Cool that this is (hopefully) being done! I have had this on my reading list for a while and since this is about the kind of problems I also spend much time thinking about, I definitely have to understand it better at some point. I guess I can snooze it for a bit now. :P Some suggestions:

Maybe someone could write an FAQ page? Also, a somewhat generic idea is to write something that is more example based, perhaps even something that just solely gives examples. Part of why I suggest these two is that I think they can be written relatively mechanically and therefore wouldn't take that much time and insight to write. Also, maybe Vanessa or Alex could also record a talk? (Typically one explains things differently in talks/on a whiteboard and some people claim that one generally does so better than in writing.)

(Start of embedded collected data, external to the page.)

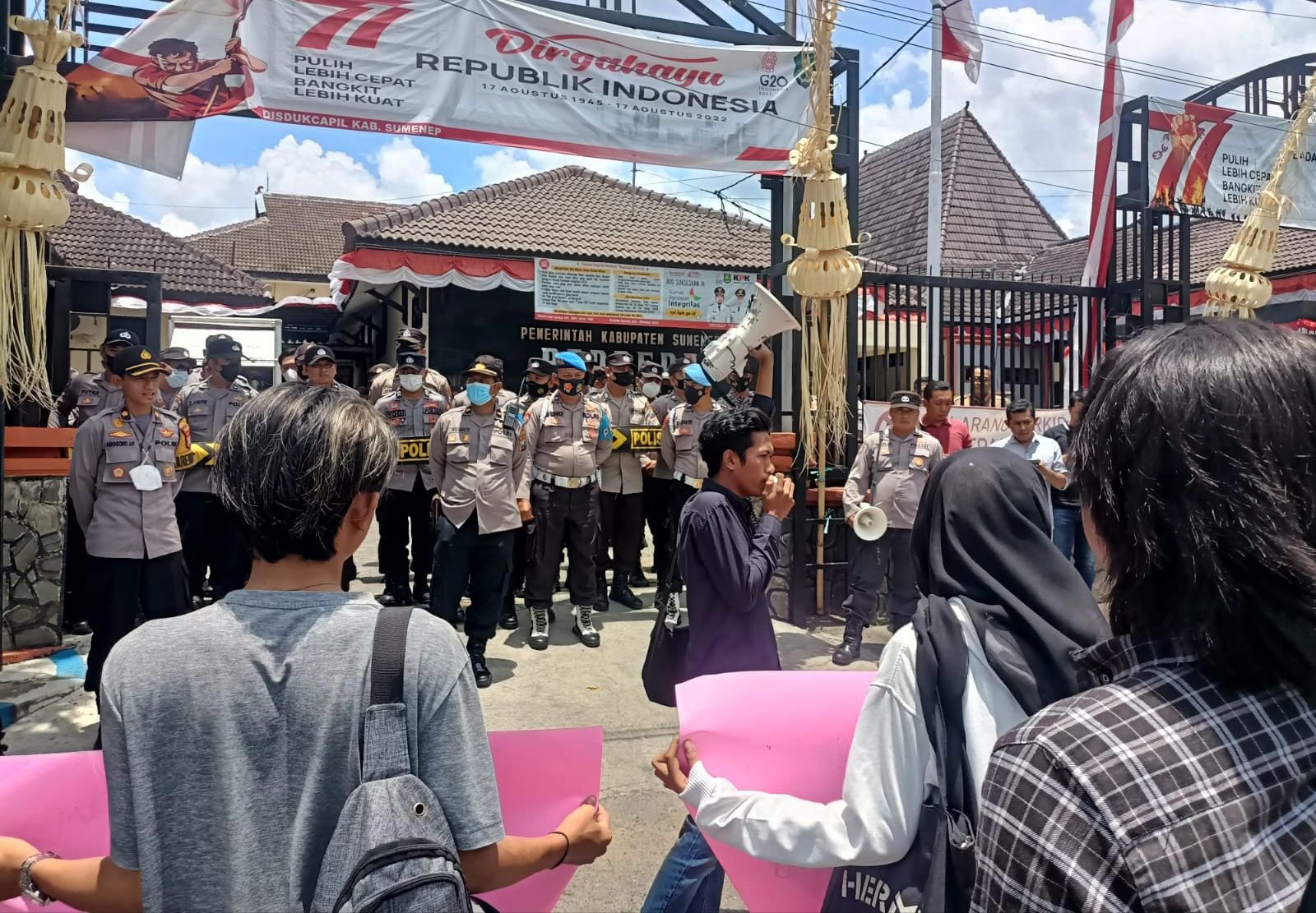 SURABAYAONLINE.CO, Sumenep – Kantor Badan Perencanaan Daerah (Bappeda) dan PU Tata Ruang Kabupaten Sumenep, Madura, Jawa Timur didemo, Senin (10/10).
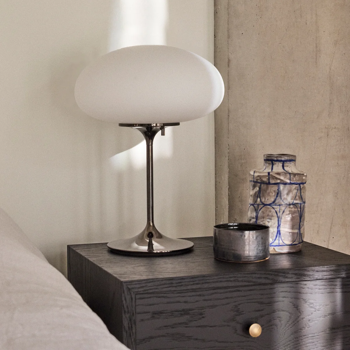 With its height of 42 cm, the Stemlite table lamp is ideal for sideboards, bedside tables or desks. The opal glass body provides a soft, evenly diffused light, while the organic shape creates a timeless balance between futuristic elegance and homely warmth.
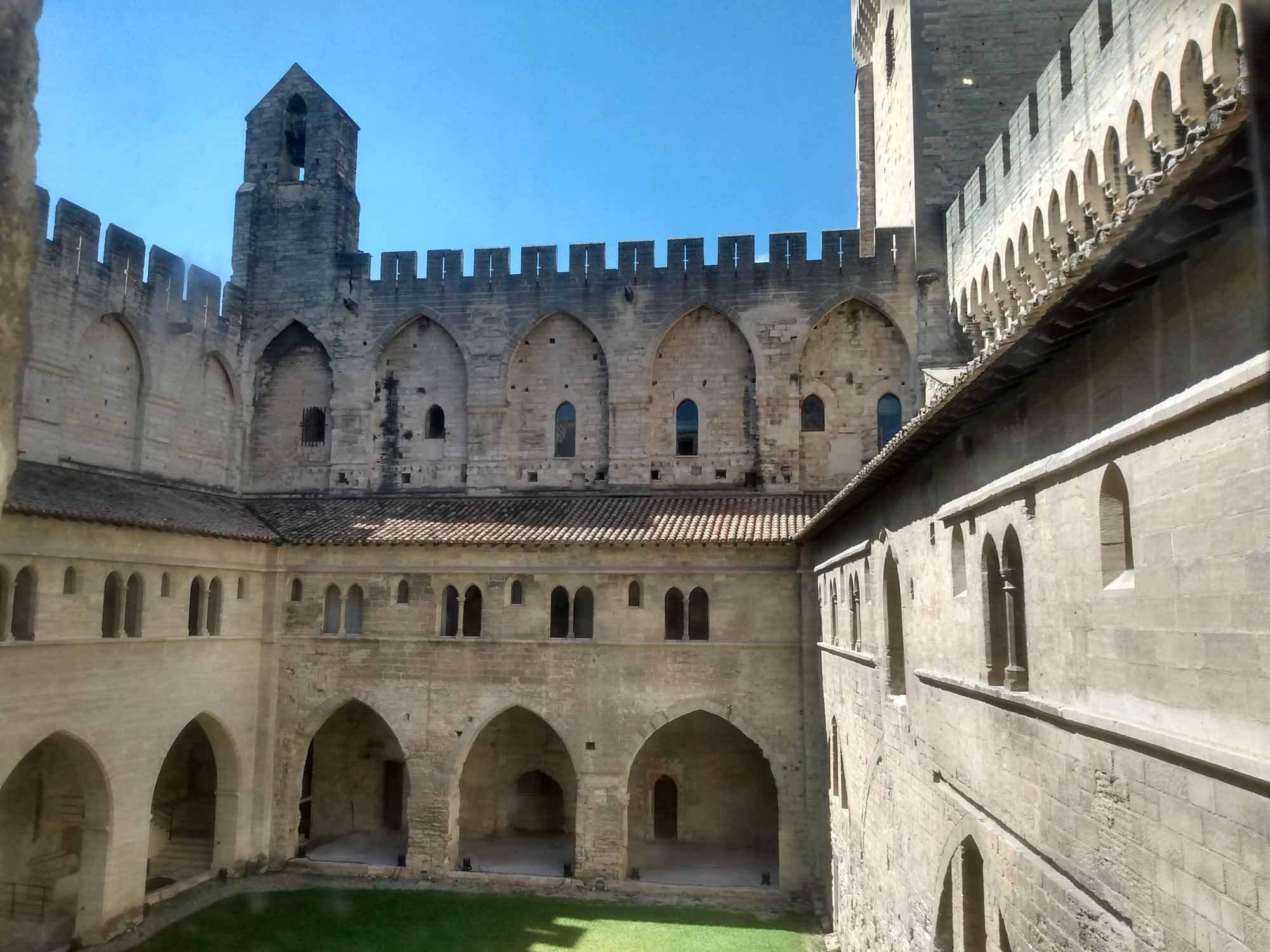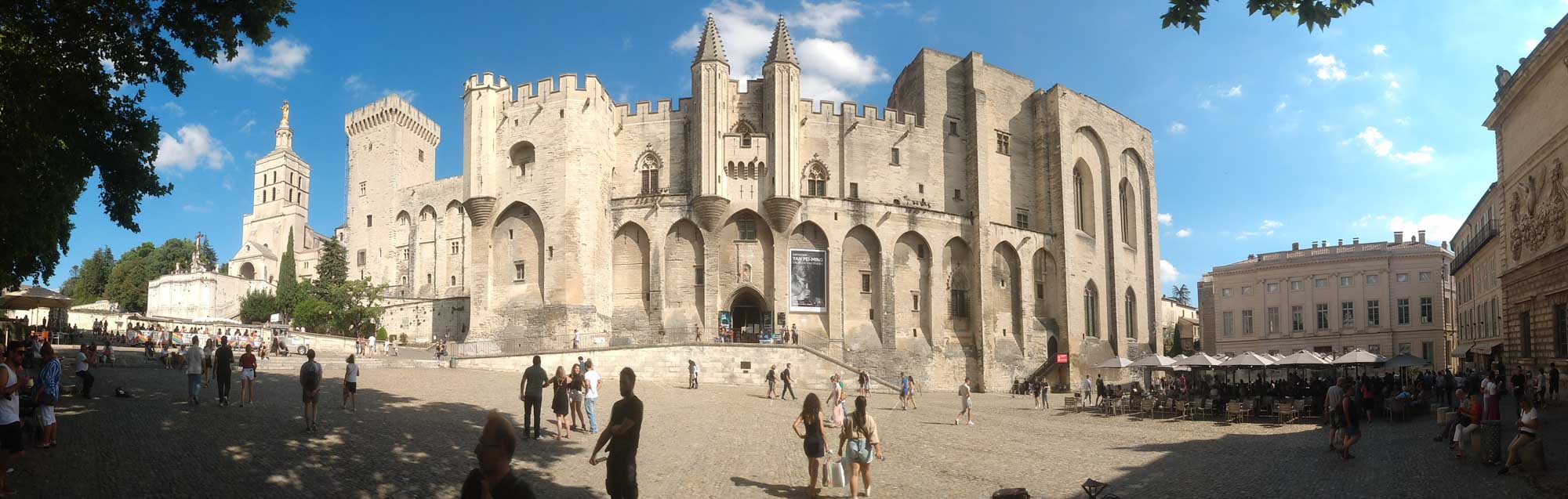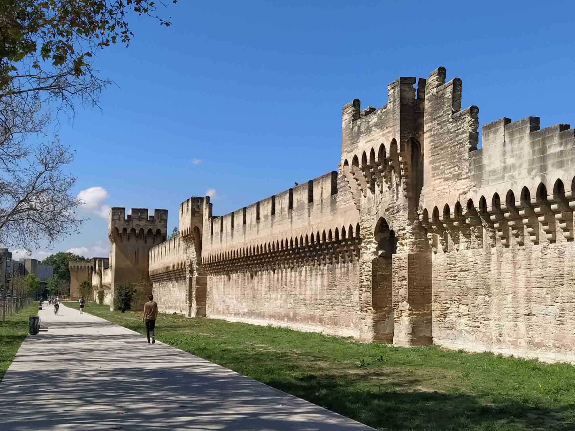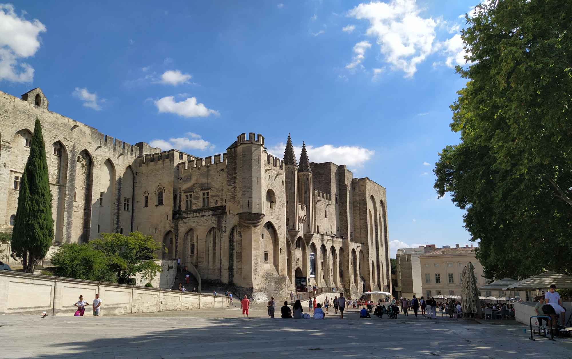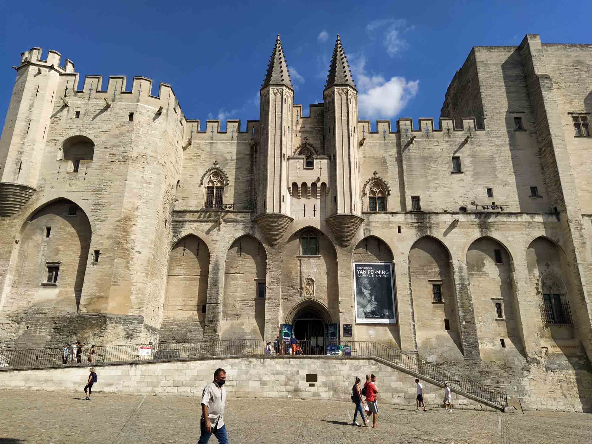 Das Wetter war wieder heil. Strahlend blauer Himmel und gefühlte 30 Grad ließen uns heute wieder schön schwitzen. Was will man mehr? Eine Stunde brauchten wir bis Avignon. Wir parkten außerhalb der Stadtmauer, die noch vollständig erhalten die gesamte Altstadt umschließt. Mit dem Fahrrad ging es dann in die Stadt. Die Altstadt ist größtenteils autofrei, was das herumschlendern sehr angenehmt machte. In der Einkaufspassage standen an einem Platz schöne alte amerikanische Wagen herum. Schon schick, so ein Caddilliac. Die Hauptattraktion ist sicherlich der Papstpalast, den wir ebenfalls besichtigten. Hier war von 1304 bis 1376 für 71 Jahre das katholische Zentrum der Welt. Der Palast wurde allerdings erst 1335 fertiggestellt. 7 Päpste lebten in dieser Zeit in Avignon. Das ist schon ganz schön lange her und man sieht es dem Bauwerk auch an. Zumindest der Teil, der den Besuchern zugänglich ist, war alt und zerfallen. Keine schönen Deckengemälde oder Wandbemalungen. Die kläglichen Reste kaum nennenswert. Es wäre schöner gewesen, einen gut restaurierten Palast zu besuchen, als sich das ganze virtuell auf den ausgehändigten Tablets anzusehen. Am Computer hätten wir uns den Palast auch zu Hause ansehen können. Aber die Größe der Räume war denn doch ein wenig beeindruckend und die animierte Darstellung vermittelte zumindest einen Eindruck, wie es vielleicht einmal gewesen sein könnte. Das Museum Le Petit Palais war unser nächstes Ziel. Hier gab es eine Sonderaususstellung italienischer Künstler. Eigentlich ganz schön. Aber es wäre vielleicht noch schöner gewesen, wenn die Ausstellung nicht ausschließlich kirchliche Motive beinhaltet hätte. Nach unzähligen Maria mit Kind, Heilige Drei Könige, Apostel und Jesusdarstellungen waren wir dann doch froh, wieder draußen zu sein. Dort erschallte laute Musik und Sprechgesang den Vorplatz des Papstpalastes. Eine Anti-Corona-Demo verschaffte sich gehör und skandierte "Liberté" (Freiheit). Nach dem, was wir gestern beim Einkaufen gesehen hatten, vielleicht auch verständlich. Vermutlich hatten sie sich nicht impfen lassen und wollten enfach mal wieder einkaufen gehen. Wie auch immer, die Stimmung war gut und Polizei war nirgends zu sehen. Wir spazierten noch ein wenig durch die oberhalb des Palastes gelegene Gartenanlage und bekamen von dort auch die berühmte Pont d'Avignon zu sehen. Die allerdings nur noch bis zur Mitte der Rhone führt. Anschließend fuhren mit den Fahrrädern zurück zum Auto und danach zum nördlich der Stadt gelegenen Fort Saint-André, einer Burganlage mit Abtei. Wir kamen allerdings dort erst um 19 Uhr an, genau die Zeit, wo die Türen der Burg abgeschlossen wurden. Trotzdem konnten wir noch kurz in das Innere gehen, das aber nicht wirklich sehenswert war. Die Silhuette der Burg von außen war viel eindrucksvoller. Zum Übernachten fuhren wir in den Nationalpark Alpilles, eine kleine bergige Landschaft südlich von Avignon. In der Dämmerung packten wir dann schnell noch unseren Grill aus. Aber die Nacht brach so schnell herein, dass wir unsere Lammkoteletts, die Schweinespieße und natürlich unser geliebtes Kräuterbaguette mit der Taschenlampe fertig grillen mussten.

I think for me the kind of writeup that would have been most helpful (and maybe still is) would be some relatively short (5-15 pages), clean, self-contained article that communicates the main insight(s), perhaps at the cost of losing generality and leaving some things informal. So somewhere in between the original intro post / the content in the AXRP episode / Rohin's summary (all of which explain the main idea but are very informal) and the actual sequence (which seems to require wading through a lot of intrinsically not that interesting things before getting to the juicy bits). I don't know to what extent this is feasible, given that I haven't read any of the technical parts yet. (Of course, a lot of projects have this presentation problem, but I think usually there's some way to address this. E.g., compare the logical induction paper, which probably has a number of important technical aspects that I still don't understand or forgot at this point. But where by making a lot of things a bit informal, the main idea can be grasped from the short version, or from a talk.)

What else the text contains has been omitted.